Kim Nam-il (; Hanja: 金南一; born 14 March 1977) is a South Korean football manager and former player who played as defensive midfielder. He is the manager of K League 1 club Seongnam FC.

Early life 
Kim Nam-il began playing football in third grade of elementary school. His decision to play football was initially met with opposition from his parents because of his impressive academic performance, but he continued his football career during his schooldays.

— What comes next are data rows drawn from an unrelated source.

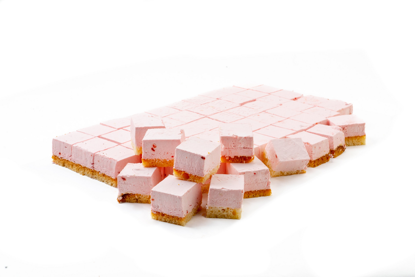 LaktoositonReuter laktoositon ja gluteeniton Mansikkakakkuaihio on valmiiksi leikattu 60 palaan. Täytteenä on mansikan makuista täytettä. Sulata ja koristele tuote ennen tarjoilua.
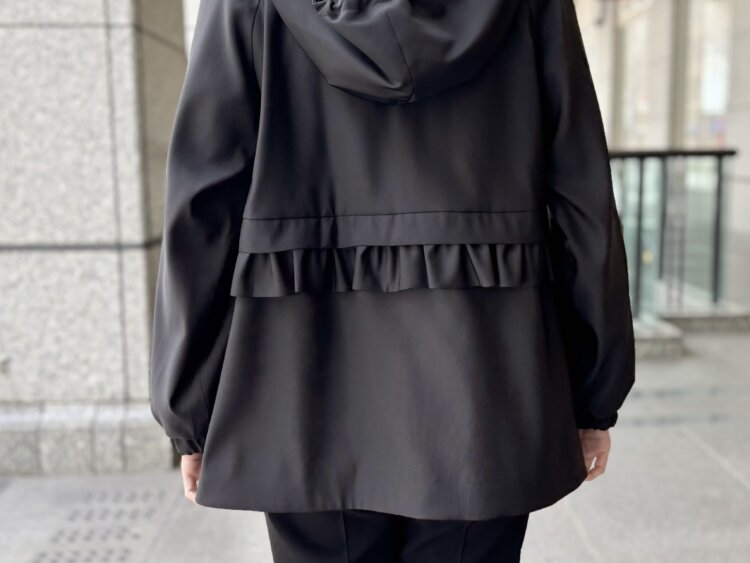 フリルで魅せる、品よく決まるブラックパーカーコーデ
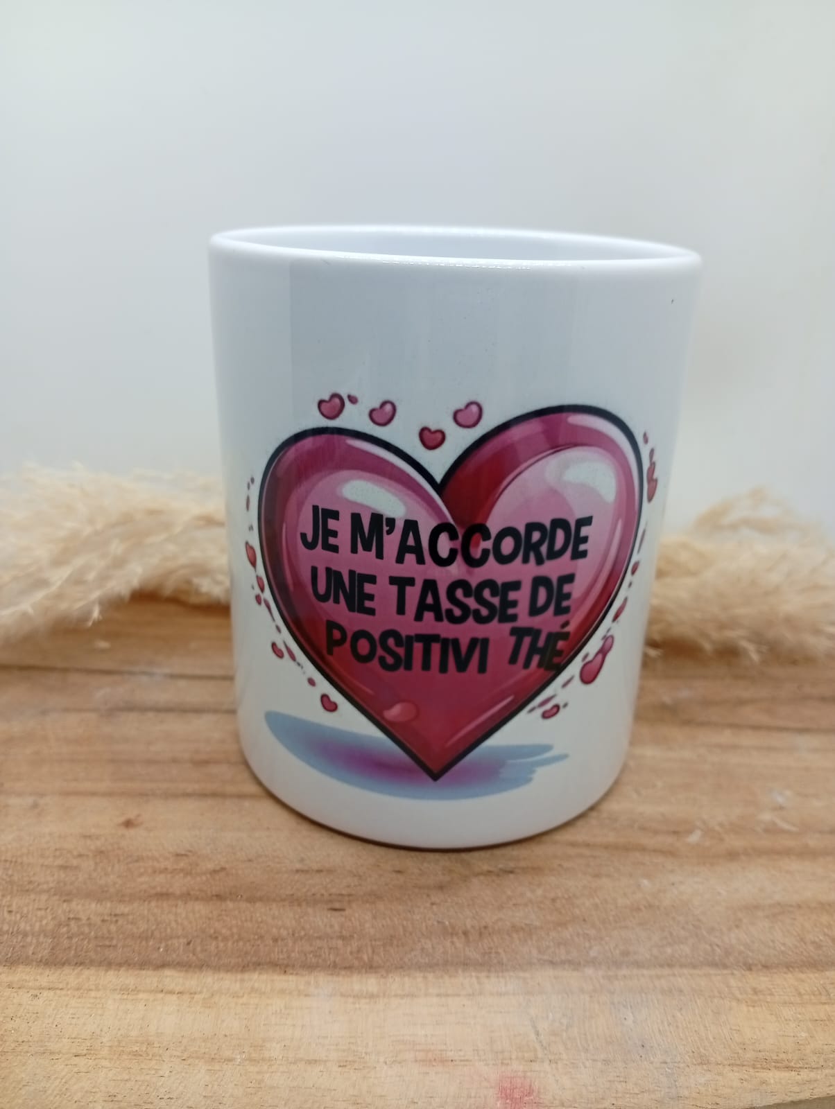 Mug personnalisé au design fleuri et coloré, sublimé par la phrase inspirante : « Je m’accorde une tasse de positivi Thé ». Un objet du quotidien à la fois esthétique et motivant, idéal pour apporter une touche de douceur et de positivité à chaque pause café ou thé. Parfait comme cadeau ou pour se faire plaisir.
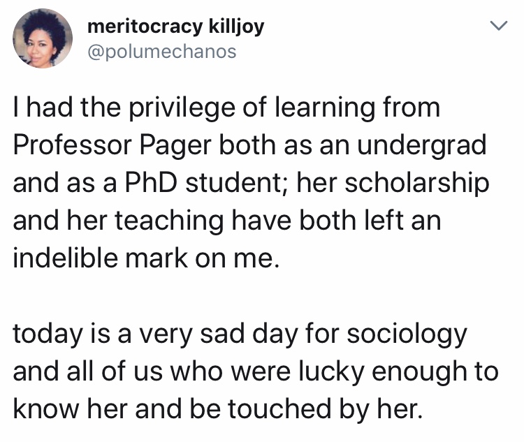 Pager’s work was that of a courageous scholar-activist who brought attention to the injustices of the prison industrial complex and engaged in intellectual work that did not stay within the confines of academia as it pushed for policy changes. Devah Pager was a light in the heart of darkness whose relentless fight for democracy and civil rights for African-Americans will impact future generations.
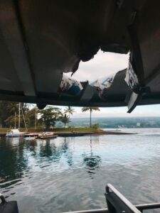 Во время извержения вулкана Килауэа на Гавайях части раскаленной лавы упали на крышу лодки и попали в пассажирское отделение.
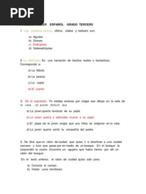 Pruebas Saber Espanol Grado Tercero Palabra Oracion Linguistica from imgv2-1-f.scribdassets.com Test de nivel de español. Esta prueba de español en línea, consiste en 40 preguntas de lenguaje desarrollada para estudiantes de español o personas que quieran progresar. Prueba español responda las preguntas 1 a 7 de acuerdo con la siguiente imagen.
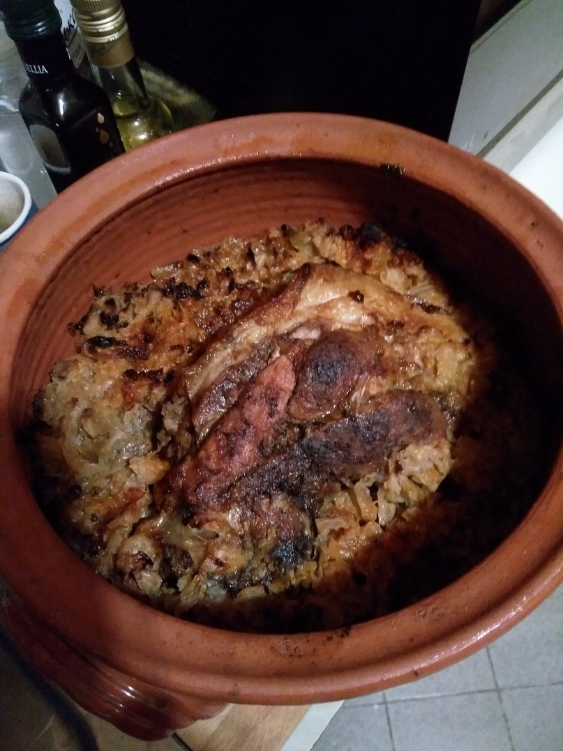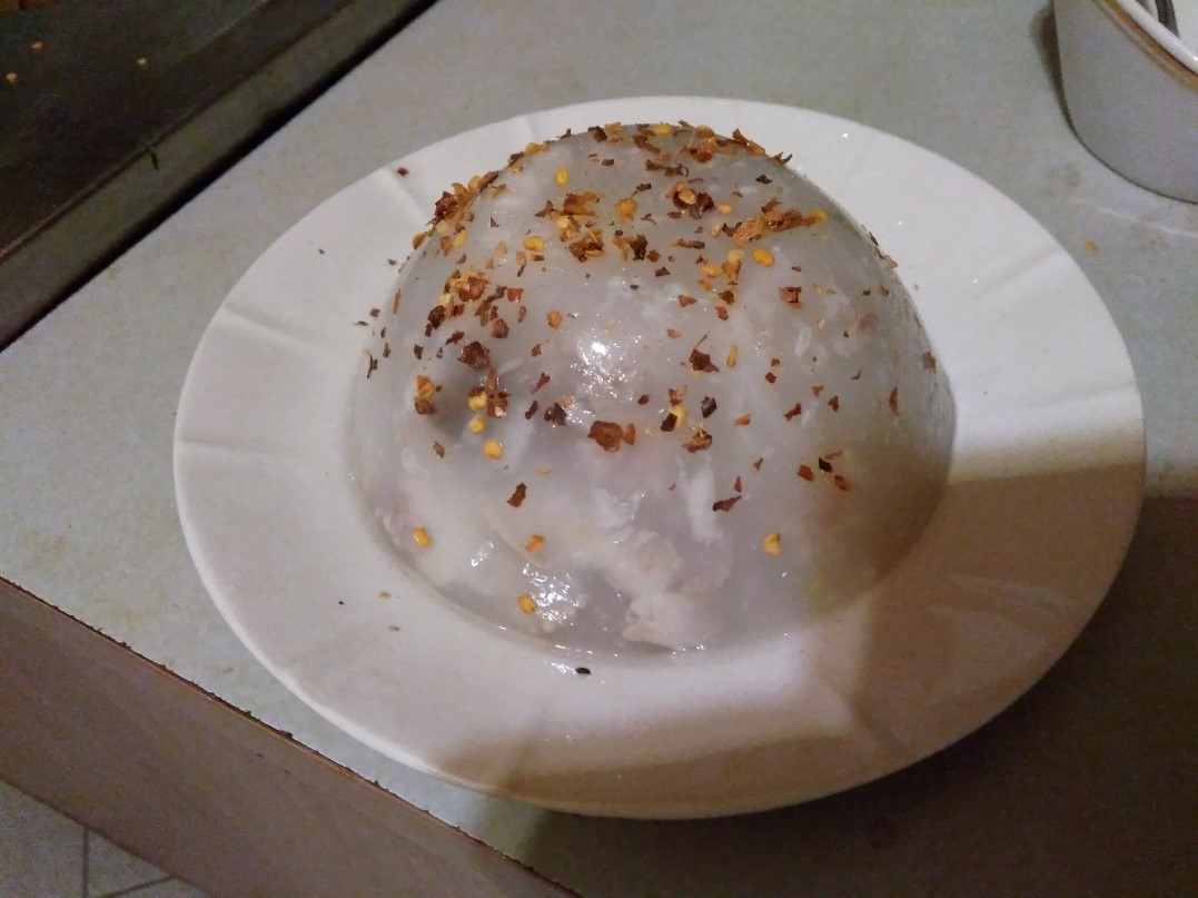 Като я взема от мама (тя оперира с тенджерата под налягане), я стоплям, добавям сол, оцет и чесън и, това е важен момент, си я разсипвам в подходящи съдове. Като стегне, само топвам купата в гореща вода и обръщам.... ако искаш красива сервировка, в купата първо наслагай малко магданоз на ситно или няколко цели листенца и внимателно залей. Као стегне, допълни ... Та, като обърна тази красота, та като я нарежа... Ох...

In the 1996 AFC Youth Championship, he played for South Korean under-20 team, and scored his first international goal against Iran, He wasn't selected as a participant in the 1997 FIFA World Youth Championship, but he was named in South Korean senior team for the 1998 Asian Games by the manager Huh Jung-moo. He made his senior international debut in the tournament.

Playing career 
Under Guus Hiddink, Kim began to play for the national team in earnest. Former unimpressive player in the K League, he was criticized early in his international career due to poor basic skills. However, in Hiddink's belief, he became an irreplaceable defensive midfielder who could block counterattacks of the opponent team beforehand. Nicknamed the "Vacuum cleaner", he showed strong stamina and relentless tussle. In the 2002 World Cup, he appeared all five games until the quarter-finals, but he injured his ankle during the quarter-final match against Spain. South Korea lost to Germany in the semi-finals after he quit the tournament.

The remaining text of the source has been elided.